Carlos Segundo discusses his new project MILK POWDER with Screen Daily

First published on Screen Daily by Emilio Mayorga

 

The Brazilian filmmaker’s short film Sideral screened at Cannes and was longlisted for the Oscars. Now his second feature is generating buzz.

 

The director’s fifth short Sideral, about a woman who wants to escape her marriage by hiding in a rocket and going to space, was shot in black and white and an oppressive 4:3 ratio. “Sideral is a perfect reference of the kind of cinema I want to make,” Segundo explains. “Tragicomic dramas that strike the audience when they don’t expect it.”

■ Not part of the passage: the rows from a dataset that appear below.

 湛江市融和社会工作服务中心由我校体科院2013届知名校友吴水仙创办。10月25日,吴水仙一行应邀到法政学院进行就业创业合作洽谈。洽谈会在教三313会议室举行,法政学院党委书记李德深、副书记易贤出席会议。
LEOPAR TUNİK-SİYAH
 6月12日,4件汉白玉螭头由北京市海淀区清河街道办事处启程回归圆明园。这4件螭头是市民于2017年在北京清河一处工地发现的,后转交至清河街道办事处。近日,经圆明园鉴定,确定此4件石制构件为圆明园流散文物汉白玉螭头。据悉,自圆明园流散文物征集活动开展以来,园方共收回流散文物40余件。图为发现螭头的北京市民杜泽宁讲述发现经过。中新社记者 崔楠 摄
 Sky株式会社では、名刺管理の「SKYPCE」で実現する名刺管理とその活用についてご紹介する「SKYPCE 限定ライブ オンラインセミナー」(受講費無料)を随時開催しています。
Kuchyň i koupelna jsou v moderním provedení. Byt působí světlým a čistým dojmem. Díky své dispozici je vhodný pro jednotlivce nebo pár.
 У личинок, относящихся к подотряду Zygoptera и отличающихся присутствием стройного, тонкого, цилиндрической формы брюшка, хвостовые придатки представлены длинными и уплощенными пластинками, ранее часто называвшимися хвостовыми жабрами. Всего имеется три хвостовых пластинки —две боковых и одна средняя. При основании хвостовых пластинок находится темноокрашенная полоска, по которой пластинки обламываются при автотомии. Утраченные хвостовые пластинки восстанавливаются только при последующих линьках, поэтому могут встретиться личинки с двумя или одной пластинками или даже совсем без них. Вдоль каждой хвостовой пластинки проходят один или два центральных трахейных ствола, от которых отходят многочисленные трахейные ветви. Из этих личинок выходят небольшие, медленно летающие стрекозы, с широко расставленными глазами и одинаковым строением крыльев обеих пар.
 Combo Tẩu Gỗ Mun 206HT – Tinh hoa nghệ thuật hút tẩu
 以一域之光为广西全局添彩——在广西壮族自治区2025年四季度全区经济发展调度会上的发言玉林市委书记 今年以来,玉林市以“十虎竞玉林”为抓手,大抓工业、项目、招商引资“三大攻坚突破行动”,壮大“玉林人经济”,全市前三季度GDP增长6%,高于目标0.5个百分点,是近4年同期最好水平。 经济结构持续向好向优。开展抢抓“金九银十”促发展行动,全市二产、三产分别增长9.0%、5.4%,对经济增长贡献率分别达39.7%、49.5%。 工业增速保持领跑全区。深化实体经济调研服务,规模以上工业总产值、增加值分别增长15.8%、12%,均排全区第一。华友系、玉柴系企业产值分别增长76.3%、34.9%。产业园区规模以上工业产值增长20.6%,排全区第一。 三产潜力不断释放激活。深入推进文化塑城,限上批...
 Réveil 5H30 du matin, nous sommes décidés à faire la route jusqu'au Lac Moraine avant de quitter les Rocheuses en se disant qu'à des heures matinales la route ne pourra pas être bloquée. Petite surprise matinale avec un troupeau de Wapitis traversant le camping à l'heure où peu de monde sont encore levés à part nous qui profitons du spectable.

The co-production between France’s Les Valseurs and Brazil’s O Sopro do Tempo and Casa da Praia has played festivals including Cannes, Palm Springs and Telluride — and is shortlisted for an Oscar, the only South American film on this year’s list.

Since Sideral, Segundo has made his sixth short Big Bang, a take on the B-movie genre, winning best auteur short film at the 2022 Locarno Film Festival and now set for a showcase at Clermont-Ferrand International Short Film Festival in late January.

He also has a feature under his belt, the 2020 film Slits, about a researcher in quantum physics that was a prize winner at Vancouver Latin American Film Festival that year. He is now prepping his second feature Milk Powder, which aims to shoot by the end of this year.

Segundo wants “to make films on the borderline between auteur and mainstream cinema. I want my films to be accessible to a wider audience, with a direct narrative but also offering multiple layers that subtly take the audience elsewhere. What drives me to create is to always experiment with a new form, a new genre. I like to take risks.”

Milk Powder has received a development grant from Rotterdam’s Hubert Bals Fund and is pitching the project at the Script Station lab during Berlin, which he is attending as part of Berlinale Talents.

Segundo’s regular partners O Sopro do Tempo and Les Valseurs are producing the feature as a co-production with Germany’s Black Forest. It will be his first foray into romantic comedy, revolving around the life of a wannabe rocker who still lives with his grandmother at nearly 40. When she dies, he keeps her body at home until her pension arrives. “I see this character in the vein of Barry Egan [from Punch-Drunk Love] or Rob Gordon [from High Fidelity],” Segundo explains.

“I just can’t stay away from film sets,” he adds. “The more I shoot, the more I feel I am growing and the happier I feel.”